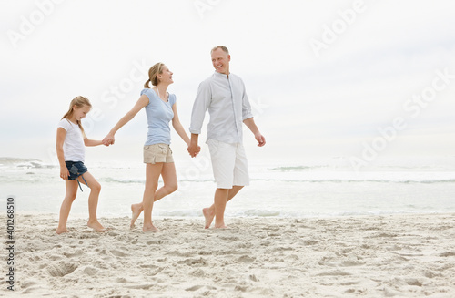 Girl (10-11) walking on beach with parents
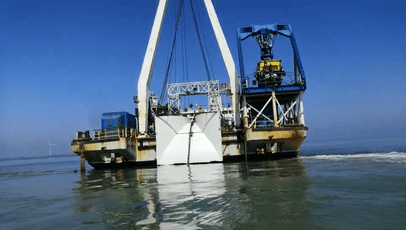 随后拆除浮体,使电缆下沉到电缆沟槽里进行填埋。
--
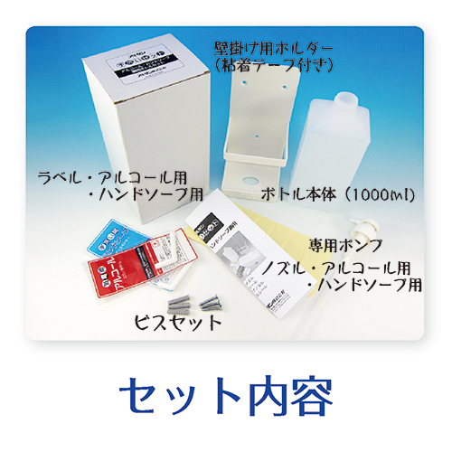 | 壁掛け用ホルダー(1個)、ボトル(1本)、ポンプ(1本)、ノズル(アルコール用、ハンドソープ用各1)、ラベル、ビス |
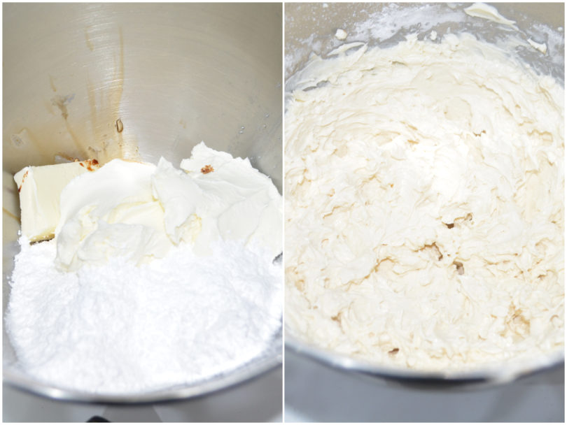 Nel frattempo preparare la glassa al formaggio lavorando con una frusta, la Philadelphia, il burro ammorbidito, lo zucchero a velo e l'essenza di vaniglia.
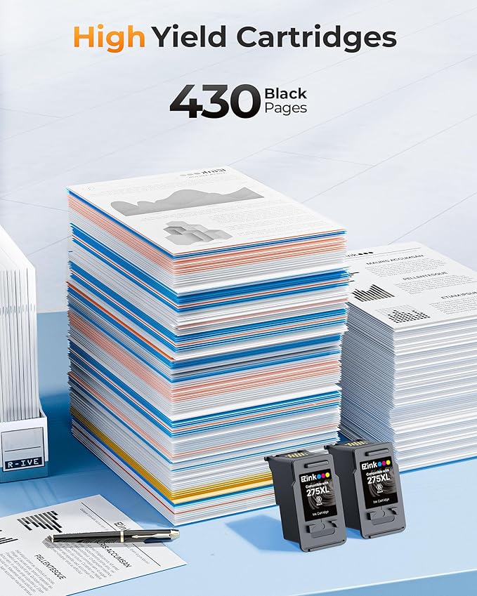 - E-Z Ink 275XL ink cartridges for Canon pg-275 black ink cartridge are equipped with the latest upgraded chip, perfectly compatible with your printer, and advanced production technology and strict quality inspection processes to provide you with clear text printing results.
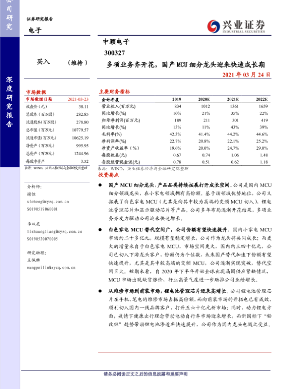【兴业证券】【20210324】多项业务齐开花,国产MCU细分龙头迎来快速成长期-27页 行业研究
--
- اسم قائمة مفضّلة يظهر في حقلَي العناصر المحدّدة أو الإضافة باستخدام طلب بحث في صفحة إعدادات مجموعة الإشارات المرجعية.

◆ Work task: Exercise for the records above: copy only the lines from the one with "Girl (10-11) walking on beach with parents" to the one with "随后拆除浮体,使电缆下沉到电缆沟槽里进行填埋。", both ends kept, and drop the pictures.

◆ Task answer:
 Girl (10-11) walking on beach with parents
 随后拆除浮体,使电缆下沉到电缆沟槽里进行填埋。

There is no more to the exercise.